On 01/10/18 18:31, Daniel Mack wrote:
On 30/9/2018 11:10 PM, Chris Packham wrote:
With this in mind, I don't see why this
- st = readl_relaxed(nfc->regs + NDSR);
- if (st & (NDSR_RDY(0) | NDSR_RDY(1)))
complete(&nfc->complete);
Yeah, me neither. Chris, are you absolutely sure this is the reason? I'm asking because it took me several tries sometimes to trigger the bug, so is there a chance that you see an error at all times, regardless of whether my patch is applied?
It seems pretty consistent. Without this patch there seems to be no problem. With this patch it triggers pretty much straight away. I can't discount that there might be something wrong with my dts (the R/B configuration was missing initially).
I've also been able to run this on the DB-88F6820-AMC board with the same result (the dts for this is in the for-next branch of git://git.infradead.org/linux-mvebu.git).
The really odd thing is the following seems to avoid the problem
st = readl_relaxed(nfc->regs + NDSR);
udelay(1000);
if (st & (NDSR_RDY(0) | NDSR_RDY(1)))
complete(&nfc->complete);
Which is weird because the st value has already been read so the udelay should have no effect.
Erm, yes. That's totally weird. Which gcc are you using for this?
arm-softfloat-linux-gnueabi-gcc (crosstool-NG crosstool-ng-1.22.0) 4.9.3
Could you please try and use readl() here instead of readl_relaxed()? That will place a memory barrier after the read to enforce ordering.
I'd previously tried readl() based on the same hunch. No change.
I think my snippet above might be misleading. While a delay between readl_relaxed() and the if should not change the outcome, this is also a delay between marvell_nfc_enable_int() and marvell_nfc_disable_int() which is probably more significant. Sure enough if I move the delay to just before the marvell_nfc_disable_int() the error is not seen.

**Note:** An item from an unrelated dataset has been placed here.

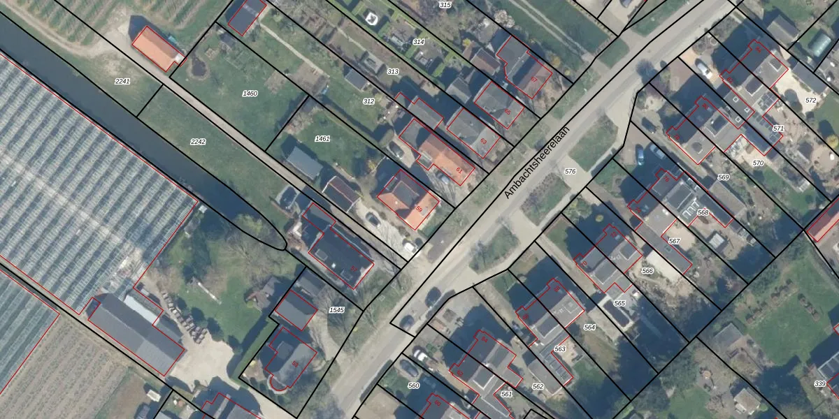 Ambachtsheerelaan 59 is gelegen op kadastraal perceel HML01L1461. Deze kadastrale aanduiding is uniek en wordt gebruikt door het Kadaster om eigendomsrechten en andere zakelijke rechten vast te leggen. Het perceel maakt onderdeel uit van de kadastrale gemeente Harmelen.

But if this is a problem, many other parts of that driver should be equally affected.
On 28/09/18 19:43, Daniel Mack wrote:
Also, does my .EALREADY approach (v1) make any difference?
The v1 of this patch doesn't show the problem.
That's also very strange because the condition it triggers on is exactly the same.
One difference is that by calling complete() interrupts will be disabled in the spinlock.
Thanks, Daniel